This cause coming on to be heard and plaintiff having amended his complaint by attaching the original contract sued on and such original contract containing this provision—
“Par. 5. The Telephone Company’s liability on account of errors in or omissions of such advertising shall in no event exceed the amount of charges for the advertising which was omitted or in which the error occurred in the then current directory issue.”
And this suit claiming damages because of an alleged error in defendant’s telephone directory covered by said contract.
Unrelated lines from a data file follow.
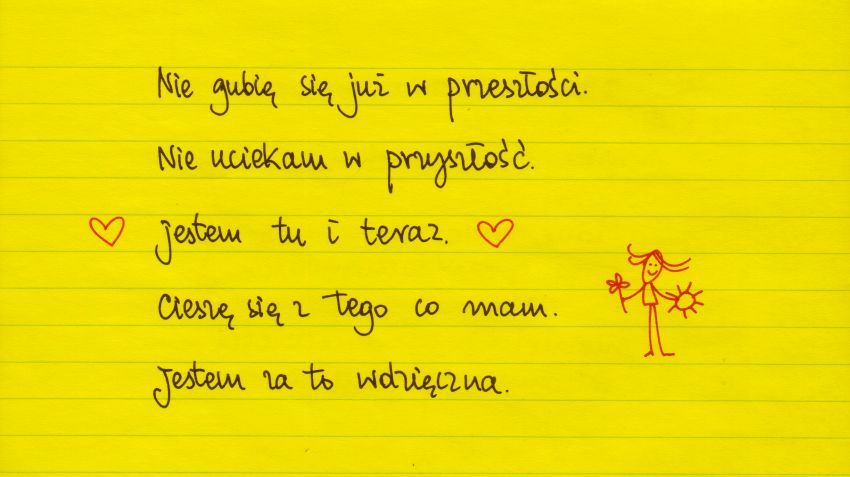 Żółte kartki Nie gubię się już w przeszłości poniedziałek, 22.11.2021 Nie gubię się już w przeszłości. Nie uciekam w przyszlość. Jestem tu i teraz. Cieszę się z tego co mam. Jestem za to wdzięczna. #żółtakartka Udostępnij na Facebooku
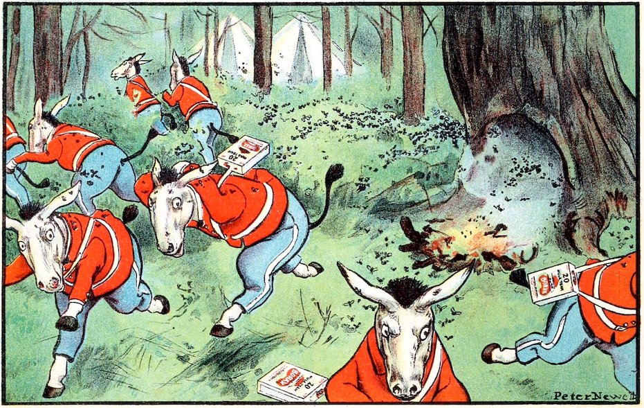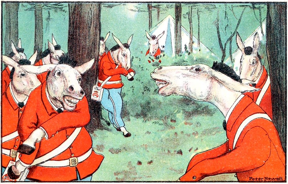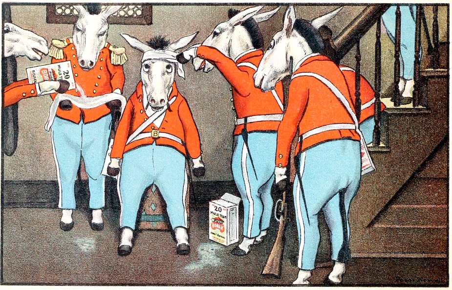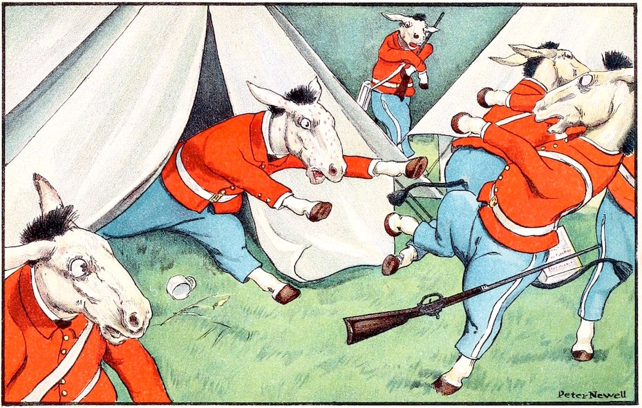 “A mule broke out with chicken-pox—broke out his tent, you see.”
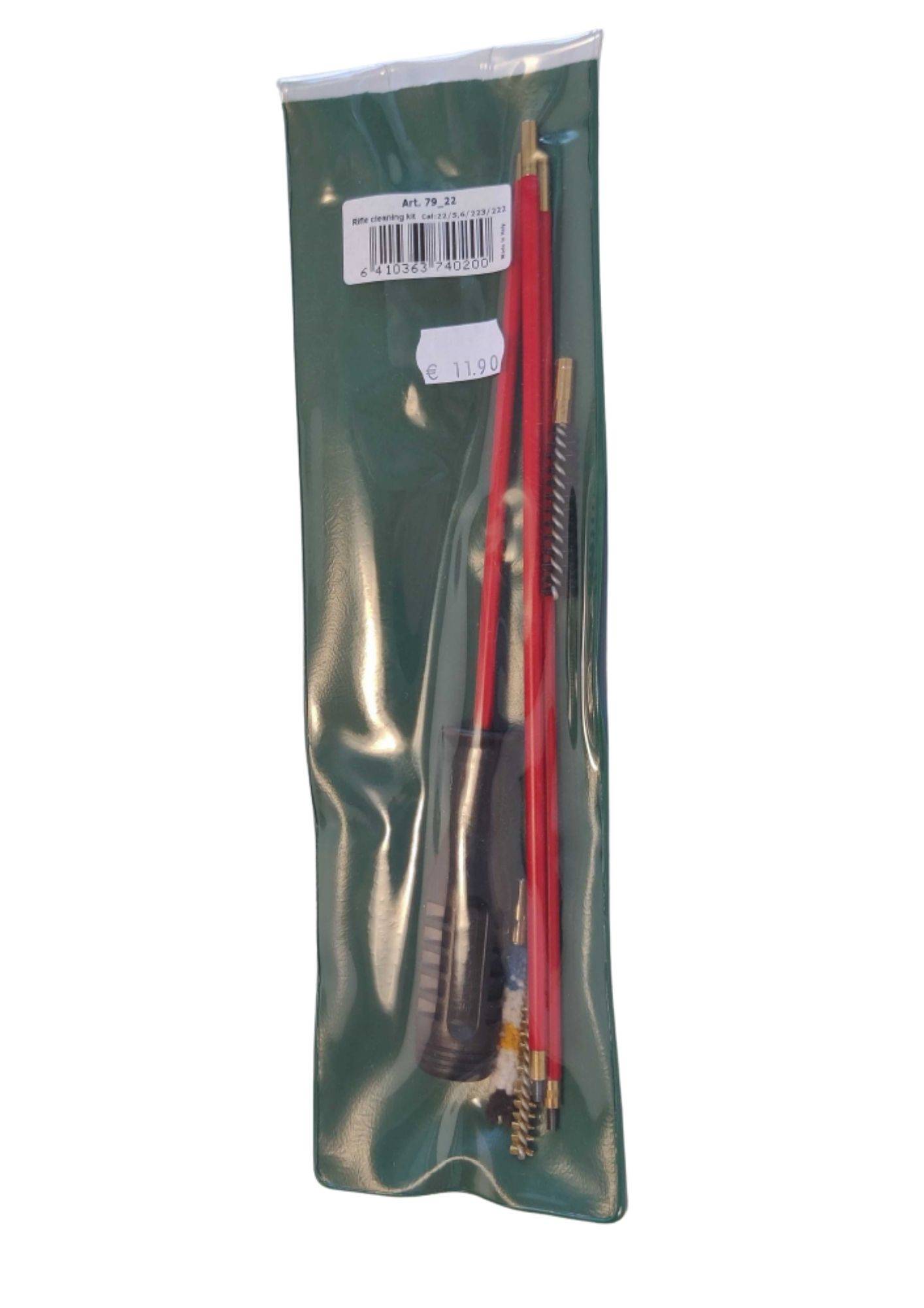 Pienoiskiväärin puhdistussarja. Kumitettu puikko, 3 harjaa ja säilytyspussi. Kaliiperi 22.
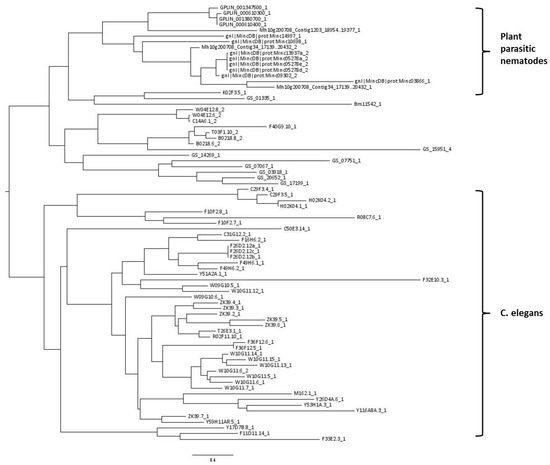 Midpoint rooted phylogenetic tree of 77 nematode C-type lectin-like domains (CTLDs) predicted with the maximum likelihood algorithm. Taxon labels give the full genome accession code of the gene containing the CTLD, followed by a number indicating which CTLD of that particular gene is used in this analysis. Explanation of prefixes: Bm: Brugia malayi, GPLIN: Globodera pallida, Mh10: Meloidogyne hapla, Mincdb: Meloidogyne incognita, GS: Ascaris suum. Taxon labels without any of the previous prefixes originate from Caenorhabditis elegans.
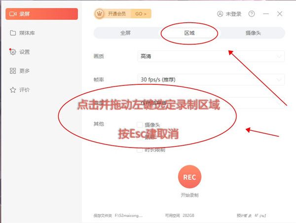 5、回到主界面,点击区域后,可以框选一个区域进行录制。
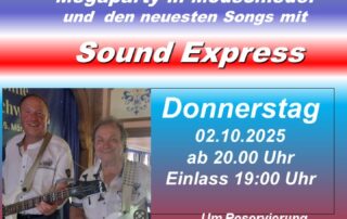 Do., 02.10.2025 die MEGAPARTY mit „Sound Express“
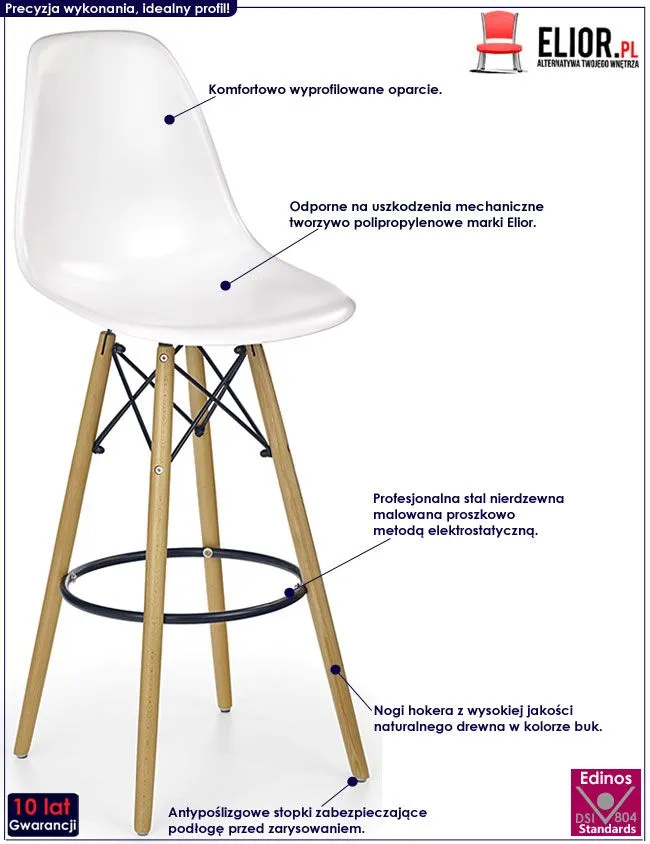 Oryginalny i komfortowy hoker Esso wyróżnia się nie tylko swoją unikalną formą, ale także zastosowaniem materiałów najlepszej jakości. Designerskie białe oparcie oraz siedzisko mebla wykonane są z profesjonalnego tworzywa polipropylenowego marki Elior, co gwarantuje Ci wyjątkową wygodę użytkowania. Materiał ten charakteryzuje się ponadprzeciętną wytrzymałością mechaniczną, jest również łatwy do utrzymania w czystości i można go przecierać na mokro (co jest szczególnie ważne w przypadku artykułów używanych podczas posiłków). Profil mebla w kolorze buk stworzony został z naturalnego drewna wolnego od alergenów, a następnie zabezpieczonego hipoalergiczną emulsją wodną. Komfortową podpórkę na stopy wyprodukowano z najwyższej jakości nierdzewnej stali malowanej odpornym na zarysowania i zadrapania. Najwyższa jakość techniki polimeryzacji pozwoliła zaoferować firmie Elior aż 10 lat gwarancji na swoje produkty. Już nie musisz się martwić, że po kilku latach część farby odpryśnie od mebla . Stonowana kolorystyka i prosta forma sprawiają, że krzesło doskonale odnajduje się we wnętrzach urządzonych w stylu skandynawskim, jak też minimalistycznym czy nowoczesnym. Krzesło marki Elior zapewnia Ci niezapomniane chwile przy stole w gronie przyjaciół i rodziny. Wnieś do swojego wnętrza nastrojowy klimat, harmonizując go z czystością prawdziwej bieli!
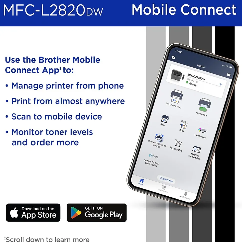 - PRINT FROM VIRTUALLY ANYWHERE. Print, scan, and manage your printer anytime, from almost anywhere with the Brother Mobile Connect app. Order Brother Genuine Supplies, track toner usage, and complete more work on-the-go.(7)

And the parties having stipulated that pursuant to said paragraphs and prior to the institution of suit, defendant had adjusted plaintiff’s bill to give him credit for the amount of charges for the advertising in which the error occurred in the telephone directory involved;
*160And the courts having uniformly held that this limitation of liability provision is valid (see Neering v. Southern Bell, 169 Fed. Supp. 133, a decision of the United States District Court for the Southern District of. Florida at Jacksonville and the authorities therein cited; Baird v. Chesapeake & Potomac Telephone Company, 117 Atl. 2d 873; and order of dismissal entered in an identical case by this court on July 10, 1959, in Houghton v. Southern Bell, Case No. 59-806-L) upon consideration, it is considered, ordered and adjudged the above entitled case be and the same is hereby dismissed with prejudice.